In the process of traditional retinoscopy optometry, the light sent by skiascope, the refraction through ophthalmic refractive system forms a hot spot on optical fundus, the light sent by optical fundus hot spot, through the window of skiascope, enters the eyes of examiner.When skiascope upwards rotates, optical fundus hot spot also can move up thereupon.When skiascope rotates, optical fundus hot spot also can move down.While skiascope rotates, because the refractive status of patient's eye is different, examiner can see reserve motion, along dynamic, that neutralization three kinds is different shadow motion video.

As shown in Fig. 1 (A), the light path schematic diagram of traditional retinoscopy optometry is shown.

The light sent by optical fundus hot spot its conjugate focus (namely the far point of eyes focuses on), meanwhile, can regard the peep-hole of skiascope as a geometric point.If the far point of eyes is positioned at before skiascope, (refractive error of patient is less than the diopter w of inspection shadow distance, w is negative), the light sent by optical fundus hot spot through the refraction action of ophthalmic refractive system, then through the window of eyes far point and skiascope, enters the eyes of examiner.Fig. 1 (B) shows light path schematic diagram when facing upward skiascope.

As shown in Fig. 1 (C), optical fundus hot spot is positioned on the optical axis in the drawings, and the far point of the eyes so corresponding to it should be positioned under the optical axis.In the view of examiner, patient optical fundus is reflective is sent by the position be positioned under the optical axis, and examiner will see that reserve motion shadow moves.

As shown in Fig. 1 (D), similar to reserve motion, the peep-hole of light through skiascope sent by optical fundus eye speckle and the far point of eyes, now the far point of eyes to be positioned at after skiascope and to be positioned at the below of the optical axis, along dynamic index path as shown in FIG., send by above eyes In the view of examiner optical fundus is reflective, examiner can see along motion video.

If the position consistency of the far point of eyes and skiascope, when skiascope is vertically placed, the light sent by optical fundus hot spot focuses on skiascope window, examiner can see that the eye pupil of patient is full of light, when skiascope rotates, the light sent by optical fundus hot spot focuses on above or below skiascope window, and examiner can see that the lesser ring of Merkel of patient is entirely dark, such examiner can see so-called in and shadow move.
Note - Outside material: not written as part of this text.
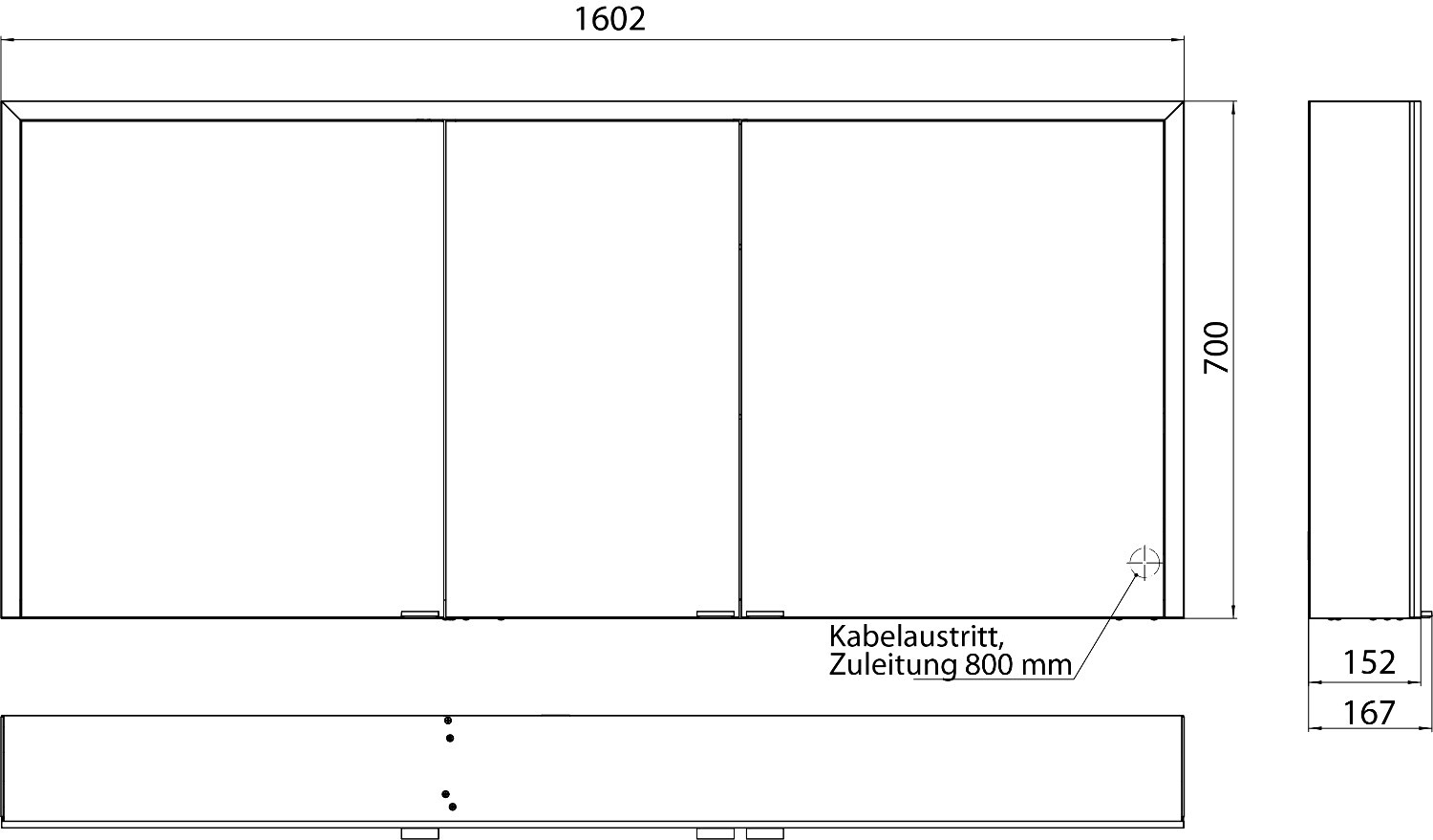 Led-Spiegelkast Prime 3 opbouw 1600mm 3 deur EMCO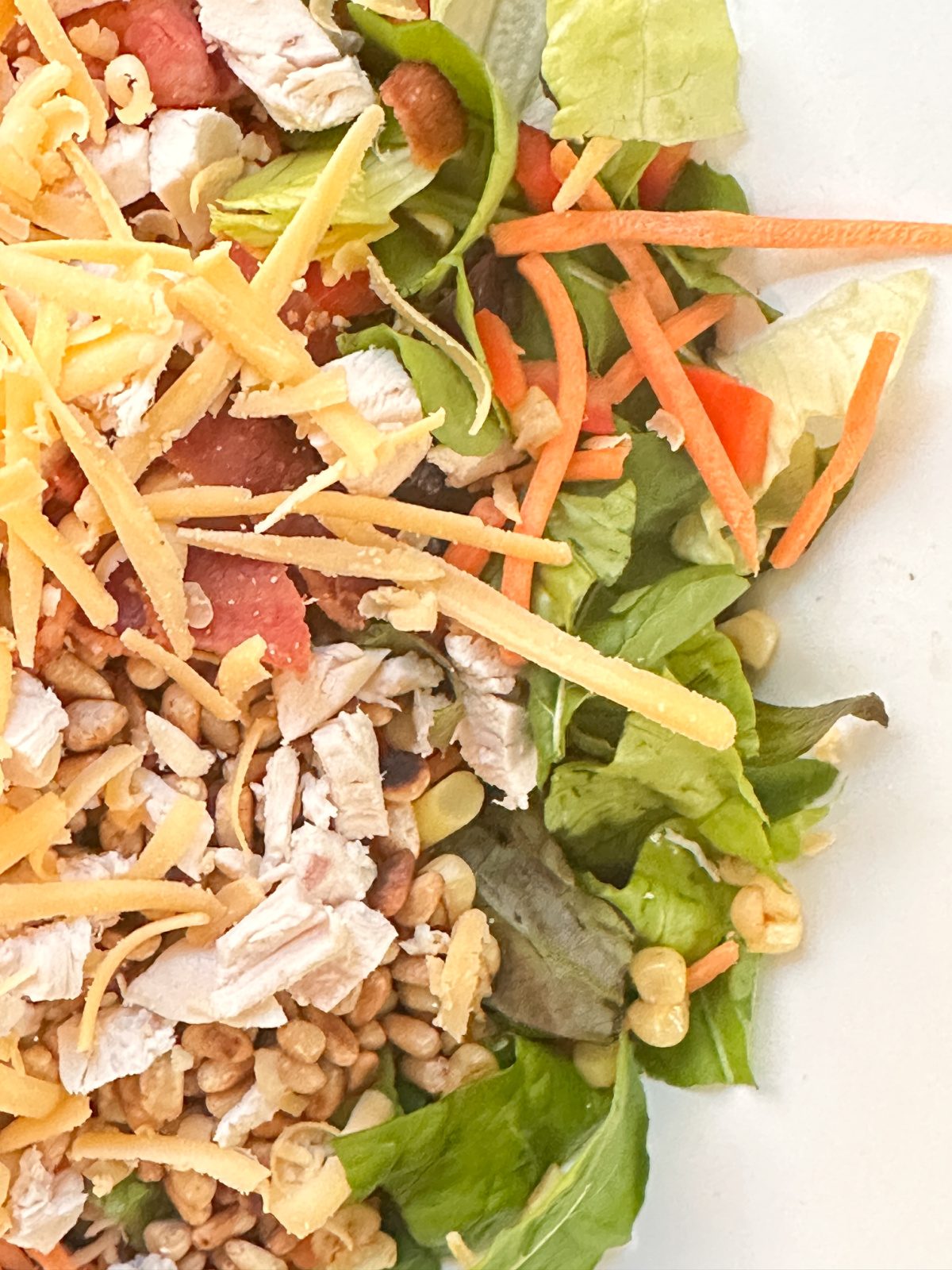 Did I mention it’s been hot? And who wants to cook in the heat? Ugh, not me. Fortunately, we have more lettuce than we know what to do with thanks to our raised bed garden. So it’s been a lot of no-cook salads for us. Last week I made one using up everything but the kitchen sink. I even roasted an ear of corn and tossed it in. Jim says I add corn to everything. That’s not true, but if I can I do.

From above-mentioned ultimate principle and operating practice, artificial hand-held retinoscopy optometry is very difficult operation by contrast.Hand-held skiascope sends a branch of very little light, has the aperture of 2 millimeter above, and optometrist is sitting in the position from client about a meter, by this aperture, that observes on beam projection to client's eyes on cornea is reflective, carefully distinguishes the direction of motion of light beam and reflective direction, in the same way along moving, reverse reserve motion, thus eyeglass is added and subtracted before client, this reflective spot is reached both have some setbacks the critical point of dynamic also not reserve motion, i.e. the point of neutralization, now, the added eyeglass number of degrees are exactly the number of degrees of client.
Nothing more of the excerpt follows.